I Did a Thing

One of my favorite songs to play in the morning before high school began with a man asking: “Feeling stuck?” and rambled off into a jingle about fly paper before launching into a jaunty beat. It was the perfect way to trick myself into believing the world was a great place and high school was a place I wanted to be.

By college, that excited morning feeling couldn’t be conjured up so easily. I was pathetic, probably mildly depressed, and clinging to an odd assortment of friends.

So when an old friend mentioned walking the width of Spain during the summer after our freshman year, I seized upon the idea and began saving my meager minimum wages from a desk job I only kept because the woman who worked with me sighed so much I thought she might actually sigh herself to death without anyone to strike up idle chatter about the coffee machine.

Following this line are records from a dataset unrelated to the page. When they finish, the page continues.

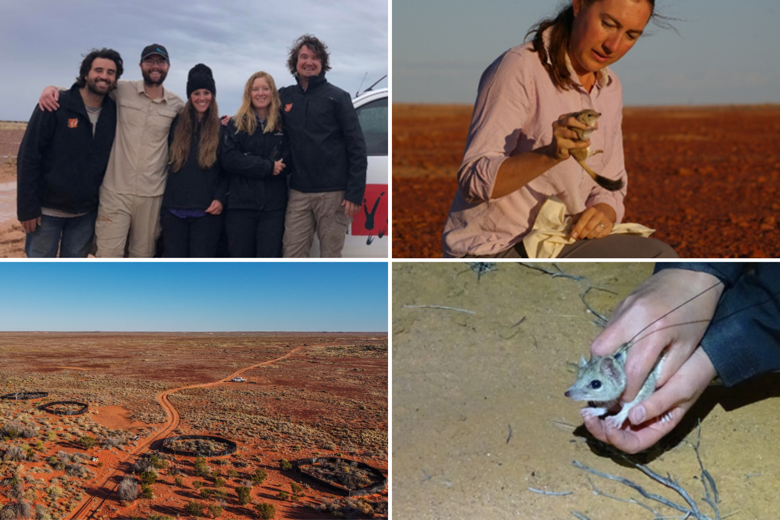 From Cliffton Hills to Arid Recovery (clockwise from top left): Ecologists at Cliftton Hill trapping kowaris reading to take to Arid Recovery, Kath Tuft (former Chief Executive) ready to release a kowari, 12 pens were built to house the kowaris at the reserve, a kowari fitted with a radio collar. Early results exceeded our expectations. Within three months, more than 80% of released females successfully raised young beyond the denning stage (when joeys first leave their mother’s den).
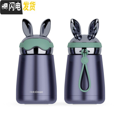 三维工匠2019新款韩版可爱不锈钢卡通小兔保温杯时尚男少女便携水杯可定制 新款钻石蓝
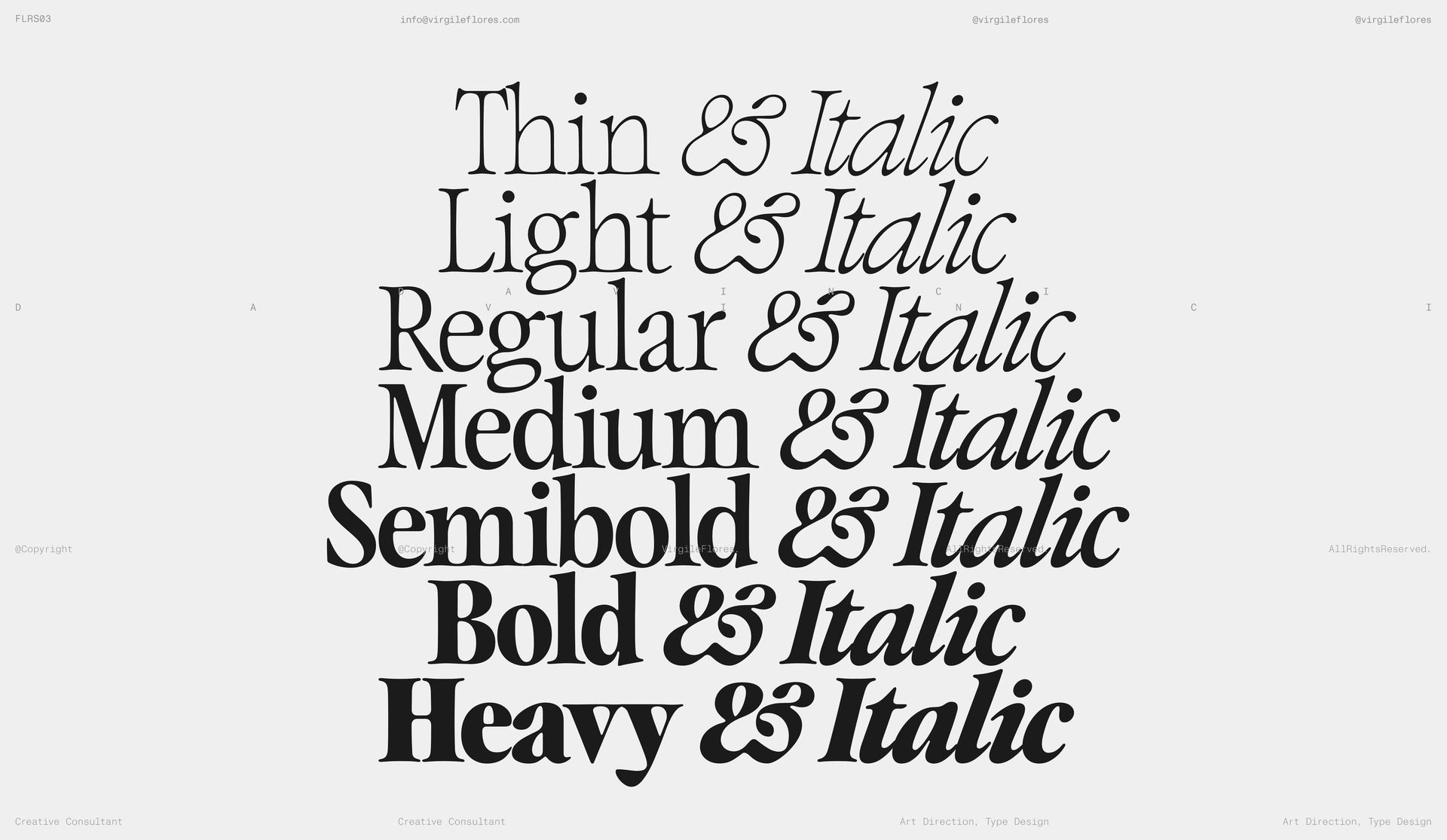 DaVinci was recently updated with italic styles, and they were absolutely worth the wait, featuring many swash alternates. “I can’t believe it took me six years to finally complete the full DaVinci family,” says designer Virgile Flores, a NYC-based creative working at the intersection of fashion, art, and music. These influences are visible throughout the typeface, with glyphs flowing gracefully into one another to create dynamic movement.
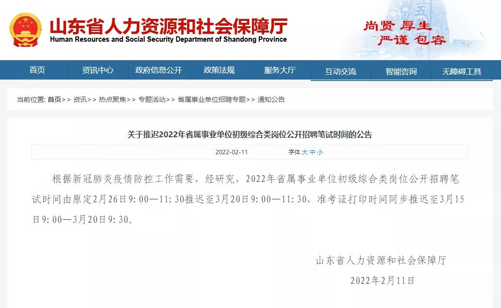 根據(jù)新冠肺炎疫情防控工作需要,經(jīng)研究,2022年省屬事業(yè)單位初級綜合類崗位公開招聘筆試時間由原定2月26日9:00—11:30推遲至3月20日9:00—11:30,準(zhǔn)考證打印時間同步推遲至3月15日9:00—3月20日9:30。
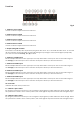 Frontview Fig. 2 1. Channel 1 level control Use this control to adjust the level of channel 1. 2. Channel 2 level control Use this control to adjust the level of channel 2. 3. Channel 3 level control Use this control to adjust the level of channel 3. 4. Channel 4 level control Use this control to adjust the level of channel 4. 5. Output L/R signal VU meter This meter is a multi-step LED; respectively the green LEDs show -20, -5 and 0dB. red LEDs show +6 and +20 dB.

Her pantsuits were my eventual destiny, I was convinced, and I practiced my long-suffering sighs on the treks home from work.

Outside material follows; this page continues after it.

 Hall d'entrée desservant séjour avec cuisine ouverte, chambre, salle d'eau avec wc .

I was most definitely stuck, and the Camino unstuck me. I came back from the walk with a newfound appreciation for my legs for carrying me across a country, my mind for spending hours alone and with new people speaking different languages, and the world for its beauty.

I damn sure wasn’t going to waste any more time moping about anything I had the power to change.

During the four years since, I’ve gone back and forth about getting a tattoo to commemorate it. I’ve drawn the way marker on my skin in a billion locations, some visible, some hidden.

I wrote an entire blog post about how much I wanted it permanently etched onto my skin.

A week and a half ago, I settled on my inner forearm, just below the elbow. It’s about two inches by two inches and it’s still a little flaky with dead skin.


They match c/o Gaytha at Sacred Rose!

To the clerk at Trader Joe’s, it’s a visual representation of some made up vision quest he decided I went on. To a bartender near my house, it’s just a seashell. To me, it’s a constant reminder of persistence and the importance of unsticking oneself.

Four years from now, I’ll probably need another reminder. Until then, I can look at the tattoo, listen to the song on full blast, and go for a walk.